During the 1960s, information processing became the dominant model in psychology for understanding mental processes. This provided an important theoretical basis for cognitive neuropsychology, as it allowed an explanation of what areas of the brain might be doing (i.e. processing information in specific and specialised ways) and also allowed brain injury to be understood in abstract terms as impairment in the information processing abilities of larger cognitive system.


The 'lesion method' (using brain injury or lesions to infer cognitive function) was probably best described unwittingly by singer-songwriter Joni Mitchell when she wrote "You don't know what you've got 'till it's gone". By understanding what a person can no longer do, and correlating this with a knowledge of exactly which parts of the nervous system are damaged, it is possible to infer previously undiscovered functional relationships.
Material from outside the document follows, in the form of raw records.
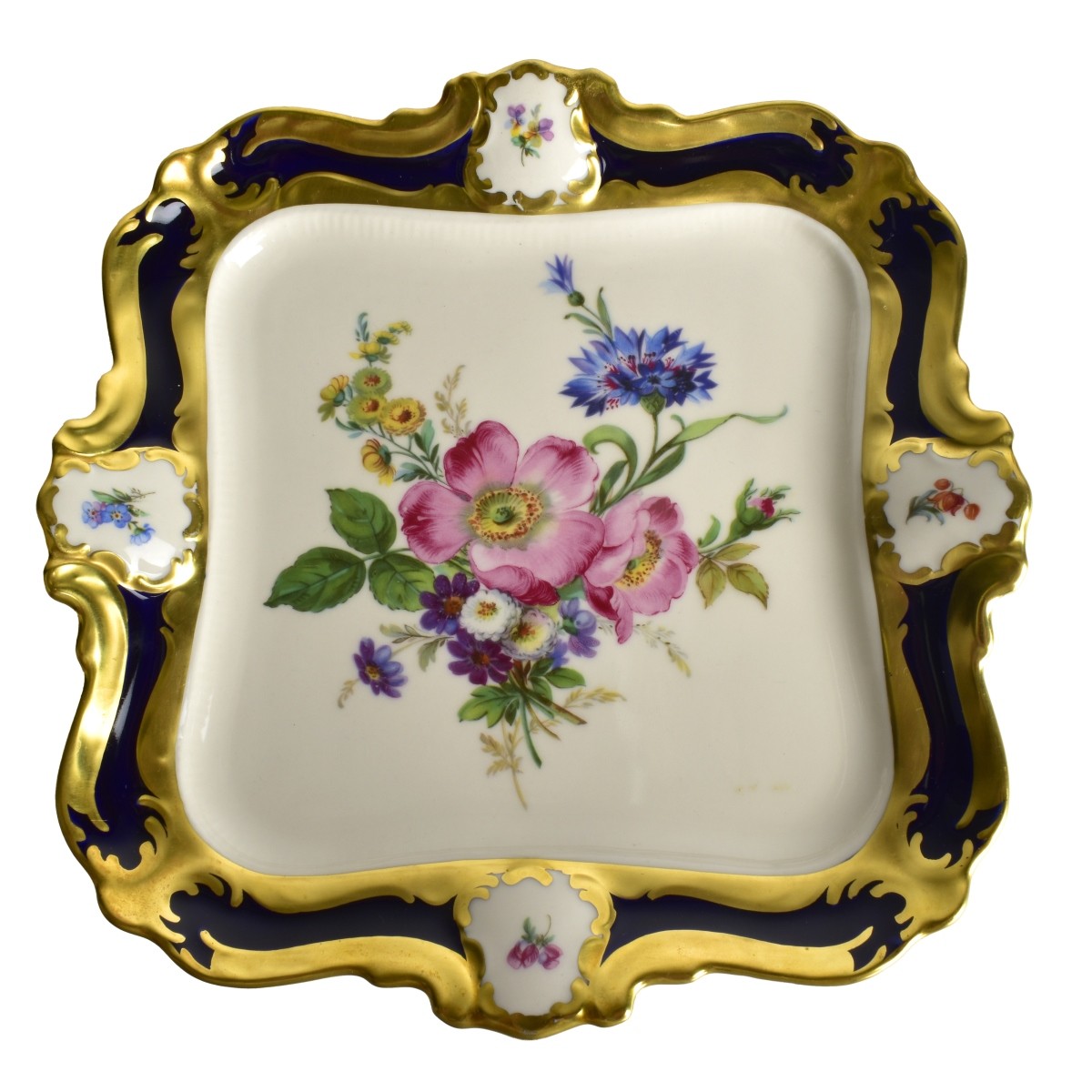 Grouping of Four Vintage Lindner Bavarian Porcelain Square Shape Plates. Each marked on the base. Larger measures 13" x 13". Smaller plates measure 8-5/8" x 8-5/8". Condition: All in good condition. Estimate: $50.00 - $150.00 Domestic Shipping: $72.00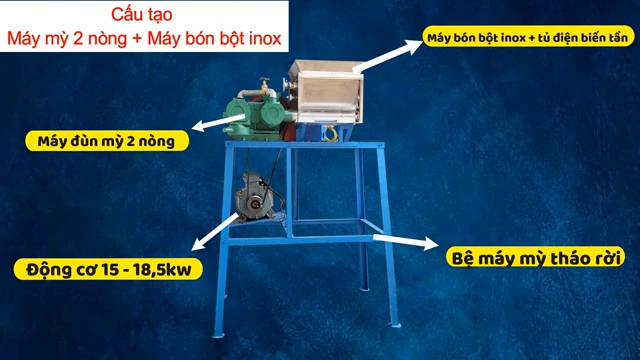 Tiếp theo, bột gạo ẩm sẽ được đưa vào máy đùn mì 2 nòng. Hệ thống máy thường gồm một phễu nạp bột bằng inox, một hệ thống đùn và tủ điều khiển điện. Máy sử dụng động cơ điện ba pha công suất lớn, thường từ khoảng 15 đến 18,5 kW để đảm bảo lực đùn mạnh và ổn định. Trong quá trình vận hành, bột gạo sẽ được đưa vào nòng đùn thứ nhất để gia nhiệt và làm chín sơ bộ. Khi nhiệt độ trong máy đạt mức cần thiết, người vận hành sẽ mở van xả nhiệt để bột tiếp tục đi qua nòng đùn thứ hai. Tại đây bột sẽ được ép qua mặt sàng có nhiều lỗ nhỏ để tạo thành các sợi mì hoặc sợi bún. Kích thước sợi mì phụ thuộc vào loại mặt sàng được lắp trên máy. Ví dụ, mặt sàng có lỗ khoảng 8 mm là loại khá phổ biến để sản xuất sợi mì hoặc bún khô. Khi bột được ép qua khuôn, các sợi mì sẽ đi ra đều và dài.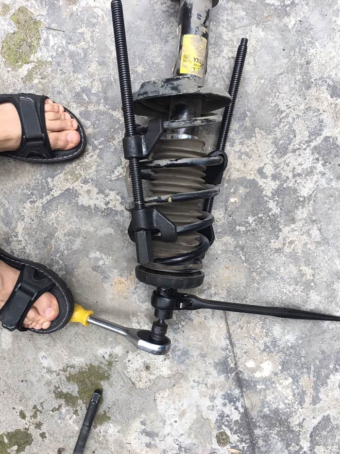 注意:因为是手动,使用棘轮更方便。抓弹簧的点,尽量找上下最大弧度拉,不然你会收了后根本不到位。而且拆完减震顶上螺丝。减震还会往里缩进1.5cm。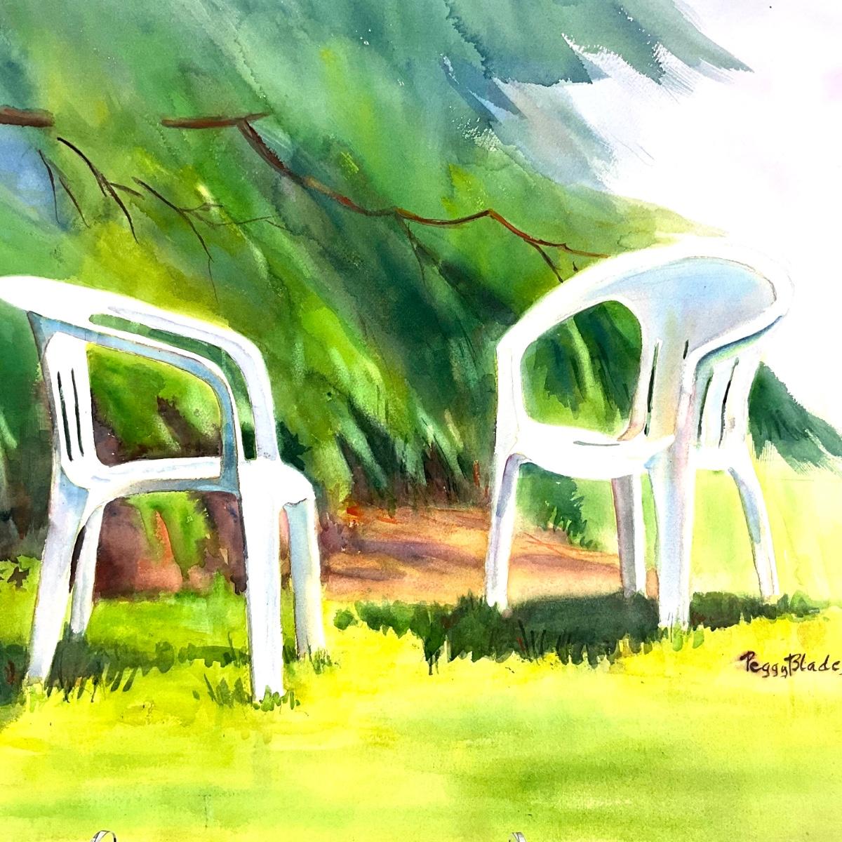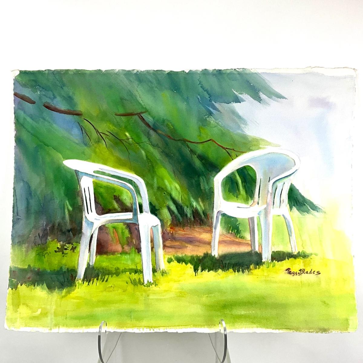 606 Original Watercolor of Lawn Chairs by Peggy Blades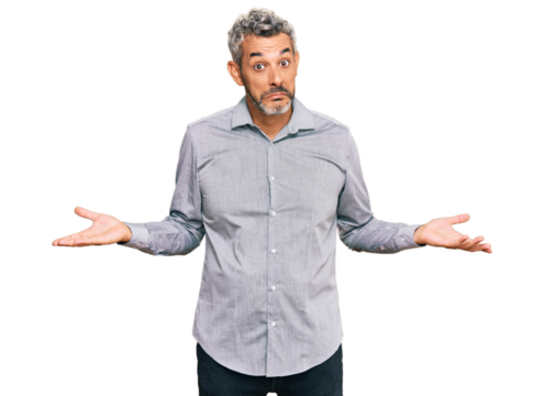 Middle age grey-haired man wearing casual clothes clueless and confused expression with arms and hands raised. doubt concept.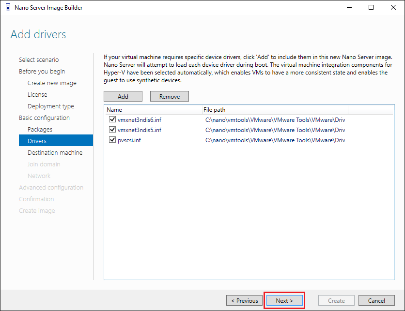 For the purposes of installing this Nano Server image in VMware ESXi, this is a critical step to have device drivers included and found after we provision the VM. ย As you can see below I have included theย vmxnet3 andย pvscsi drivers for network and storage. ย How do we get these drivers?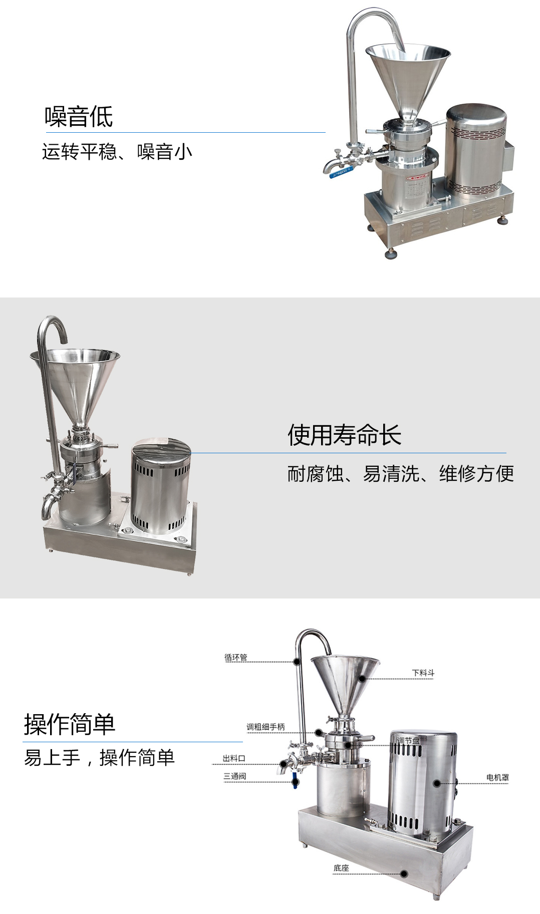 1.該機具有結構緊湊、運轉平穩、噪音小、耐腐蝕、易清洗、維修方便等特點。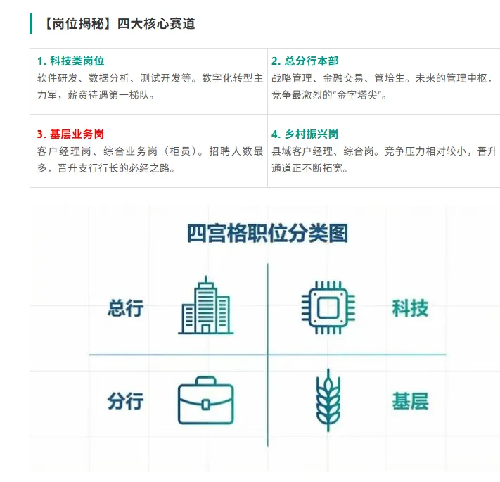 岗位多、覆盖广、稳定性强,很多岗位专业不限、本科可报,适合想进国有银行的同学提前准备。
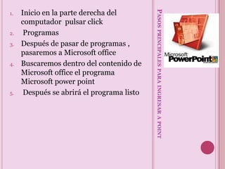 Este documento proporciona instrucciones sobre cómo ingresar a Microsoft PowerPoint y sus principales características. Explica que para abrir PowerPoint debe hacer clic en "Programas" en la barra de menú y luego seleccionar "Microsoft Office" y "Microsoft PowerPoint". Además, describe que PowerPoint es un programa de presentaciones que permite agregar texto, diseños, animaciones e imágenes para crear diapositivas fáciles de entender.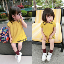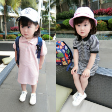 2017新款童装女童夏装小童裙子韩版女宝宝儿童POLO条纹连衣裙潮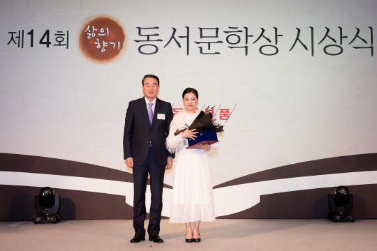 “친정이 생긴 것처럼 든든합니다. 저처럼 어려움 속에서도 글을 쓰고자 하는 분들을 돕고 싶습니다.” 여성들의 문학 활동을 지원하는 동서식품 ‘제14회 삶의 향기 동서문학상’ 대상을 받은 이은정(사진 오른쪽) 작가는 22일 이같이 소감을 전했다.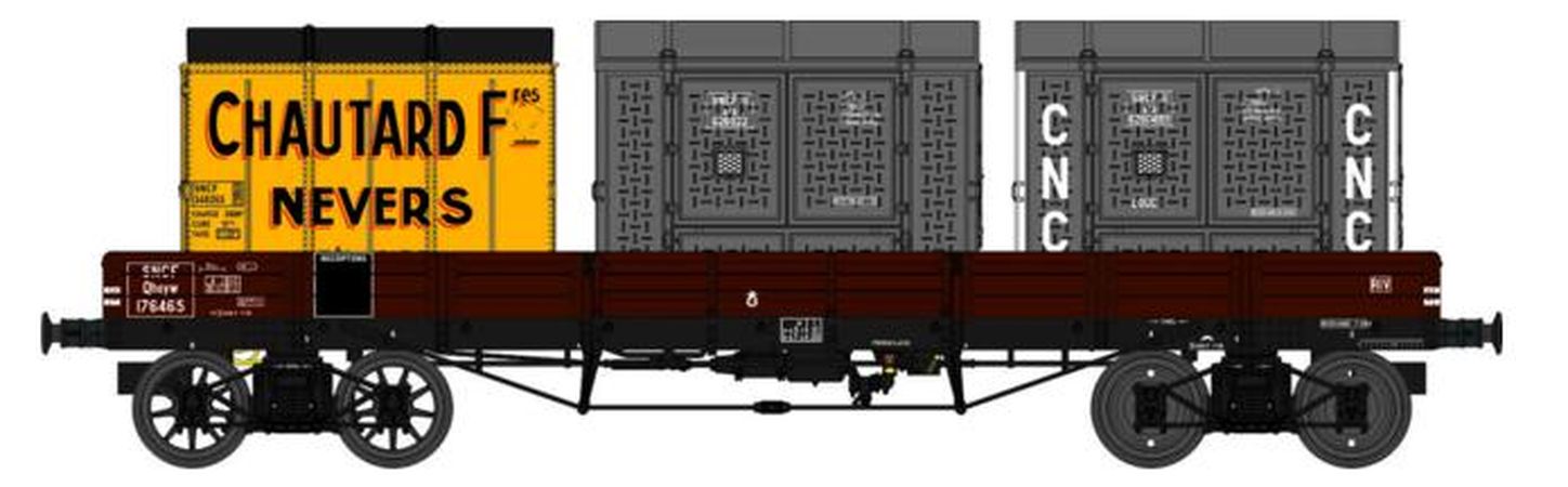 W028-D-04 Wagon freiné, 2 roues pleines et 2 roues à rayons Qhoyw 176465 + 3 Cadres SNCF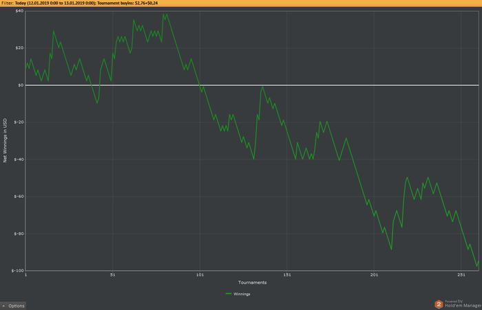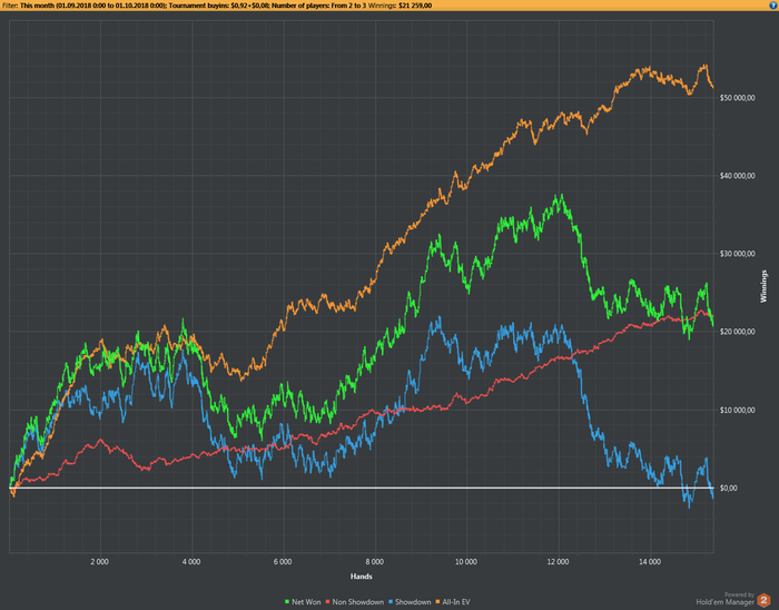 Уже практически освоился на тройках. Привык к байину и поляне. ЕВ-стрик потихоньку отпускает, но еще должно апнуть поприличнее. Потому что всё же за 100 турниров стабильно видеть по 2-3 раза АК в АА и по два раза КК в АА, при этом совсем не видя таких кулеров в свою сторону - это абсолютно ненормально.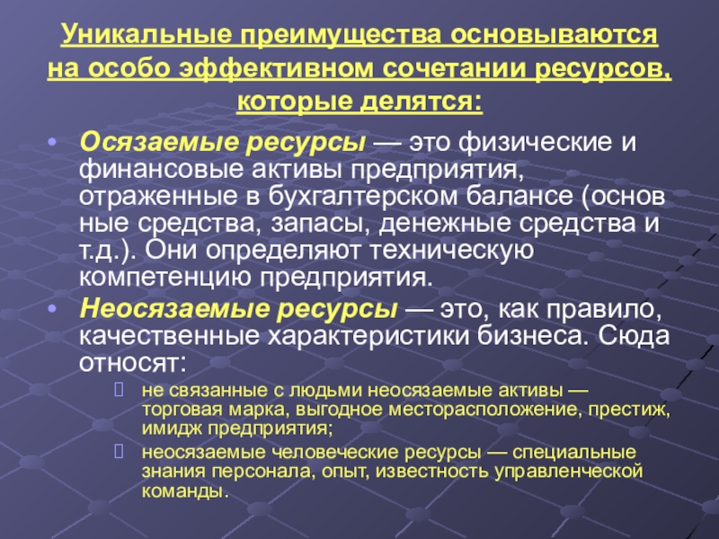 Слайд 24Уникальные преимущества основываются на особо эффективном сочетании ресурсов, которые делятся: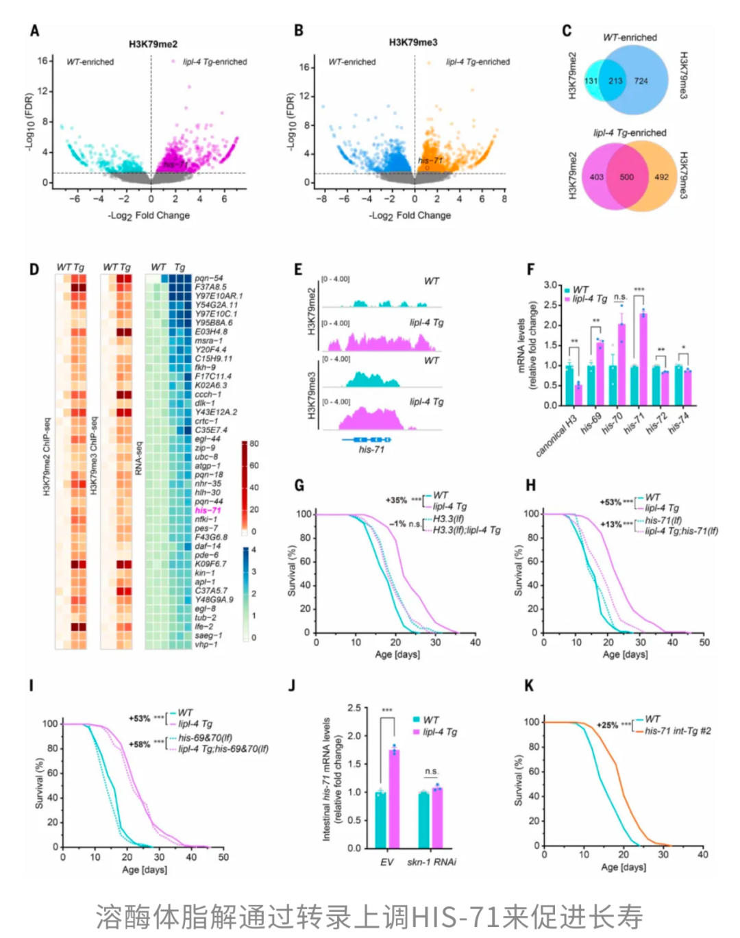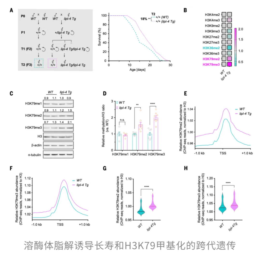 而且在自然条件下,这一机制也会被“饥饿”激活——当线虫在幼虫期经历6天的饥饿后,它们成年后的寿命平均延长19%。如果his-71或dot-1.3缺失,这种“饥饿加成”立刻消失。可见,饥饿本身就是触发LIPL-4表达、“点燃”HIS-71和H3K79甲基化的天然信号。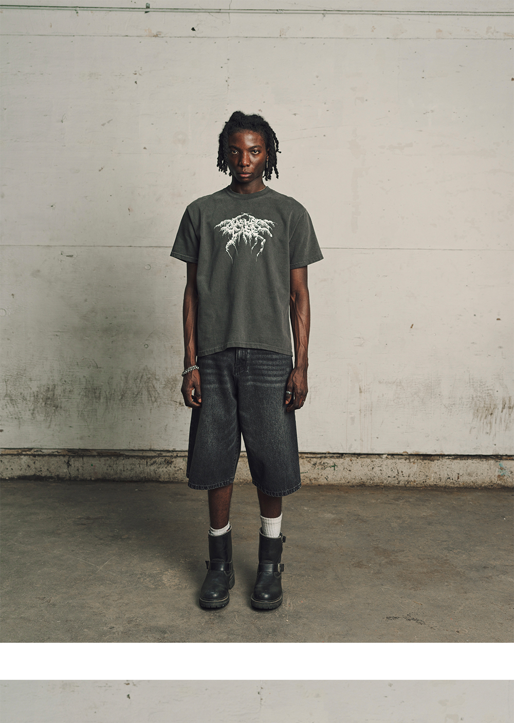 전면과 후면의 그래픽 프린트가 특징인 바스켓케이스의 메탈 V1 티셔츠를 소개합니다. - 전면과 후면에 그래픽 프린트 - 크루넥 - 직선형 밑단 - 100% 면 *모델 1 신체 스펙 : 185cm / 착용 사이즈 : L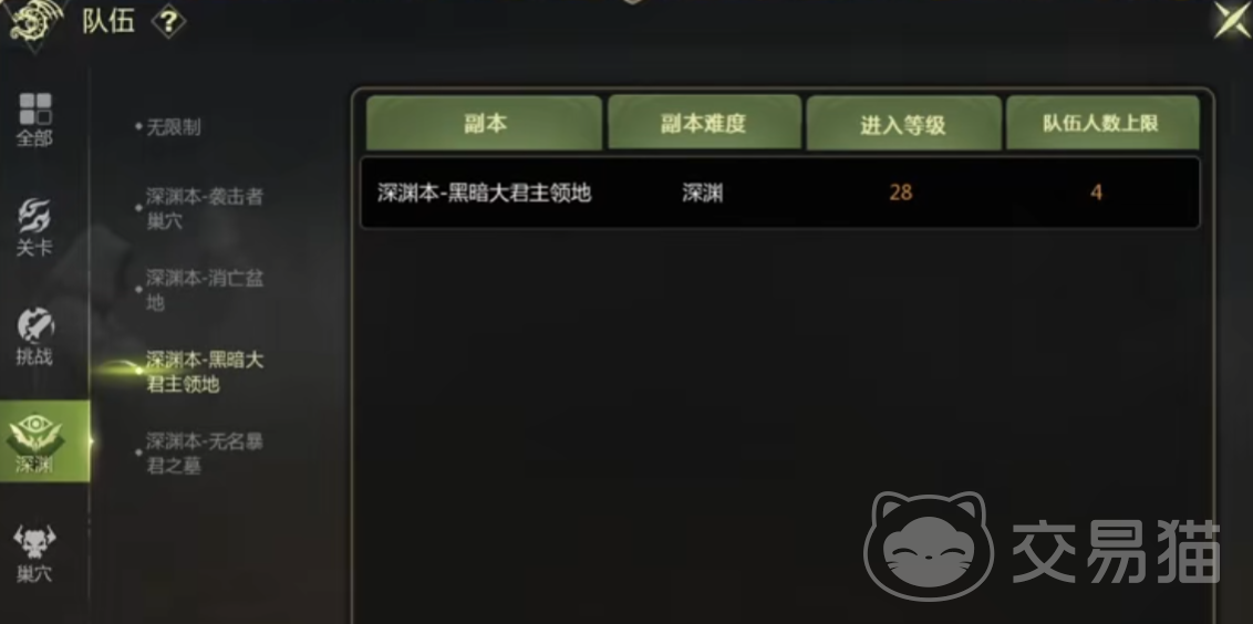 想要开启深渊模式的话很简单,只需要将自己的等级提升至对应的关卡要求之后,并完成相应的主线章节任务。就能够直接解锁新的副本,这里以黑暗大君主领地为例。只要你的等级达到28,那么就足以完成进入的要求和条件了。不过实力还没变强之前,建议还是刷一些普通本。
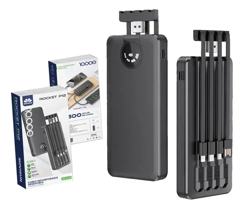 - Modelo: rocket p12 - Capacidad de la batería: 10.000mah (3.7V) / 37watts - Entrado tipo c: DC5V / 2.1A - Salida USB 1: 5V / 2.1A - Salida micro USB cable: 5V / 2.1A - Salida tipo c cable: 5V / 2.1A - Salida lightning cable: 5V / 2.1A - Salidas totales micro USB + tipo c + lightning: 5V / 2.1A - Cable incorporado removible - 2 entradas y 3 salidas
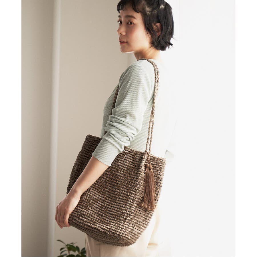 着こなしに季節感を添えるペーパー素材のトートバッグ。

By using this method, it should also be possible to discover whether a skill is handled by a single cognitive process or a combination of several working together. For example, if a theory states that reading and writing are simply different skills stemming from a single cognitive process, it should not be possible to find a person who, after brain injury, can write but not read or read but not write. This selective breakdown in skills suggests that different parts of the brain are specialised for the different processes and so the cognitive systems are separable.

The philosopher Jerry Fodor has been particularly influential in cognitive neuropsychology, particularly with the idea that the mind, or at least certain parts of it, may be organised into independent modules. Evidence that cognitive skills may be damaged independently seem to support this theory to some degree, although it is clear that some aspects of mind (such as belief for example) are unlikely to be modular. Ironically, Fodor (a strict functionalist) rejects the idea that the neurological properties of the brain have any bearing on its cognitive properties and doubts the whole discipline of cognitive neuropsychology.

Cognitive neuropsychology also uses many of the same techniques and technologies from the wider science of neuropsychology and fields such as cognitive neuroscience. These may include brain imaging, electrophysiology and neuropsychological tests to measure either brain function or psychological performance.

The principles of cognitive neuropsychology have recently been applied to mental illness, with a view to understanding, for example, what the study of delusions may tell us about the function of normal belief. This relatively young field is known as cognitive neuropsychiatry.